The very act of running a label now, in effect, requires doing a lot of micro-labor that generates value (money) for social media platforms. How do you reconcile this fact with wanting to also run a label that resists supporting these corporations?
I tell myself that it's a "free" platform for advertising, but I would happily abandon all social media if it wasn't the primary way everyone I know communicated. It's a bit like hating cars. I hate cars. But I don't hate anyone for driving cars: it's just the way people get around, and it's not possible for everyone to exist without the aid of a car. If you want to be interested in what's happening with underground culture, the internet has fully supplanted the old ways, at least for now. Can't wait for the next wave of young people to learn from all these mistakes and DO IT RIGHT.
Anyway, I try and minimize my time spent on Facebook or Instagram. We have built up a very large mailing list over the years, and I'm most proud of that, since it's the least odious way to reach people (though still mediated by some company or another).

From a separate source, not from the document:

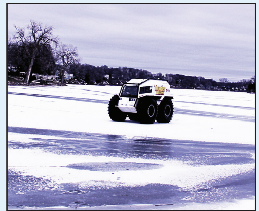
New Prague's Jim Bendzick loaded up several MVEC linemen in his SHERP and crossed over thin ice on Prior Lake in order to help the co-op restore power to members on Twin Isle, an island on Upper Prior.

conditions with ease. According to Bendzick, its massive tires distribute the weight evenly and allow the SHERP to drive lighter on the ice.

How must underground and punk communities respond to these cultural conditions we've found ourselves within? Any creative ideas about how we might push back?
By socializing each other out of being on the phone or the computer all the time. I know, your friends are overwhelming or annoying and you can only deal with them through your phone. Everyone is overwhelming or annoying once you get to know them, and you just need to get over it and be a punk in real life instead. Friends don't let friends take selfies at punk shows.